:: Dataset section ::
*****
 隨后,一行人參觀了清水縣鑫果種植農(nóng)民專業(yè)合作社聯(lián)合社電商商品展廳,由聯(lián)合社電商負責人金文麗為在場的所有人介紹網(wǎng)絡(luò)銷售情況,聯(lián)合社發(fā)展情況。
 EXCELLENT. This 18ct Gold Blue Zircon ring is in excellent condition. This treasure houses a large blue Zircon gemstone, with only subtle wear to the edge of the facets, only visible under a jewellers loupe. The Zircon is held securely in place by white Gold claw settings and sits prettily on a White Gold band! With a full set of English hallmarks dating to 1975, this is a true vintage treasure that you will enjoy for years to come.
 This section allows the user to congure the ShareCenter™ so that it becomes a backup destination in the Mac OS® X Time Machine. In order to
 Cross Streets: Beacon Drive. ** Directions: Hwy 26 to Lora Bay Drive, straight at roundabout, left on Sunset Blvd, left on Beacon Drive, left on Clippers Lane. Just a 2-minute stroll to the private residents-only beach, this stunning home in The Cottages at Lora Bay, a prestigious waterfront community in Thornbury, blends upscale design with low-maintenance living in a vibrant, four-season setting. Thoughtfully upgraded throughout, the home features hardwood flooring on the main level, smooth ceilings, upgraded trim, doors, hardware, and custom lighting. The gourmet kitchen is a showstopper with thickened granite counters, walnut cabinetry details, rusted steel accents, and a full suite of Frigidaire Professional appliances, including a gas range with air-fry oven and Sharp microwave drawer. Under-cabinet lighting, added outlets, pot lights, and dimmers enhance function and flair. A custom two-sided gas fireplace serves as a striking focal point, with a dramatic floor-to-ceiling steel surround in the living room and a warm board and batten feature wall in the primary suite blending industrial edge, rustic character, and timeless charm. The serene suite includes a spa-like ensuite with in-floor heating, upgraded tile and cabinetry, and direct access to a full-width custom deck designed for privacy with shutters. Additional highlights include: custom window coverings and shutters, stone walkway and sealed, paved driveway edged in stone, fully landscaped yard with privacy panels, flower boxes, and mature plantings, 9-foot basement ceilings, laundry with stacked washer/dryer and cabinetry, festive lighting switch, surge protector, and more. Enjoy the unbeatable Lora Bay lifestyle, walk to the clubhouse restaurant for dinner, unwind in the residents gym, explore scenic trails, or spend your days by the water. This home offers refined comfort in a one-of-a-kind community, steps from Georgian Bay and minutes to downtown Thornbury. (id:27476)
*****
Extract, from the listing above, every line where the string "that" occurs.

 EXCELLENT. This 18ct Gold Blue Zircon ring is in excellent condition. This treasure houses a large blue Zircon gemstone, with only subtle wear to the edge of the facets, only visible under a jewellers loupe. The Zircon is held securely in place by white Gold claw settings and sits prettily on a White Gold band! With a full set of English hallmarks dating to 1975, this is a true vintage treasure that you will enjoy for years to come.
 This section allows the user to congure the ShareCenter™ so that it becomes a backup destination in the Mac OS® X Time Machine. In order to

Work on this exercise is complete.